From: David Stevens <stevensd@chromium.org>

KVM's handling of non-refcounted pfns has two problems:

 - pfns without struct pages can be accessed without the protection of a
   mmu notifier. This is unsafe because KVM cannot monitor or control
   the lifespan of such pfns, so it may continue to access the pfns
   after they are freed.
 - struct pages without refcounting (e.g. tail pages of non-compound
   higher order pages) cannot be used at all, as gfn_to_pfn does not
   provide enough information for callers to be able to avoid
   underflowing the refcount.

This patch extends the kvm_follow_pfn() API to properly handle these
cases:

  - First, it adds FOLL_GET to the list of supported flags, to indicate
    whether or not the caller actually wants to take a refcount.
  - Second, it adds a guarded_by_mmu_notifier parameter that is used to
    avoid returning non-refcounted pages when the caller cannot safely
    use them.
  - Third, it adds an is_refcounted_page output parameter so that
    callers can tell whether or not a pfn has a struct page that needs
    to be passed to put_page.

Since callers need to be updated on a case-by-case basis to pay
attention to is_refcounted_page, the new behavior of returning
non-refcounted pages is opt-in via the allow_non_refcounted_struct_page
parameter.
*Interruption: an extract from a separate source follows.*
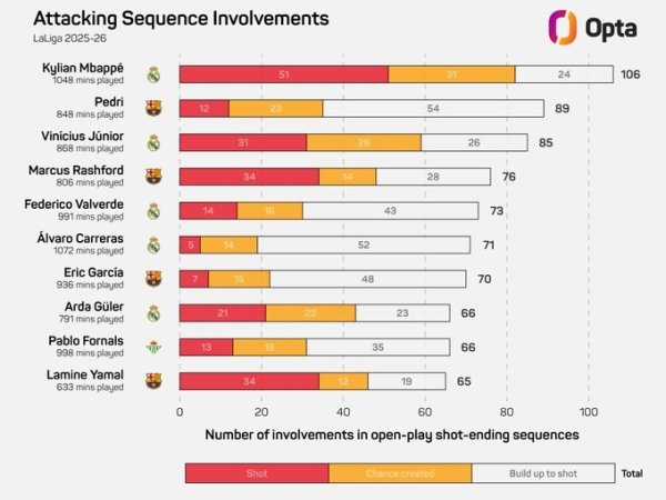 本赛季西甲参与有用遑急排行:姆巴佩106次居首,佩德里89挨次二

Once all callers have been updated, this parameter should be
removed.

The fact that non-refcounted pfns can no longer be accessed without mmu
notifier protection by default is a breaking change. This patch provides
a module parameter that system admins can use to re-enable the previous
unsafe behavior when userspace is trusted not to migrate/free/etc
non-refcounted pfns that are mapped into the guest. There is no timeline
for updating everything in KVM to use mmu notifiers to alleviate the
need for this module parameter.

Signed-off-by: David Stevens <stevensd@chromium.org>
---
 include/linux/kvm_host.h |  29 +++++++++++
 virt/kvm/kvm_main.c      | 104 +++++++++++++++++++++++++--------------
 virt/kvm/pfncache.c      |   3 +-
 3 files changed, 99 insertions(+), 37 deletions(-)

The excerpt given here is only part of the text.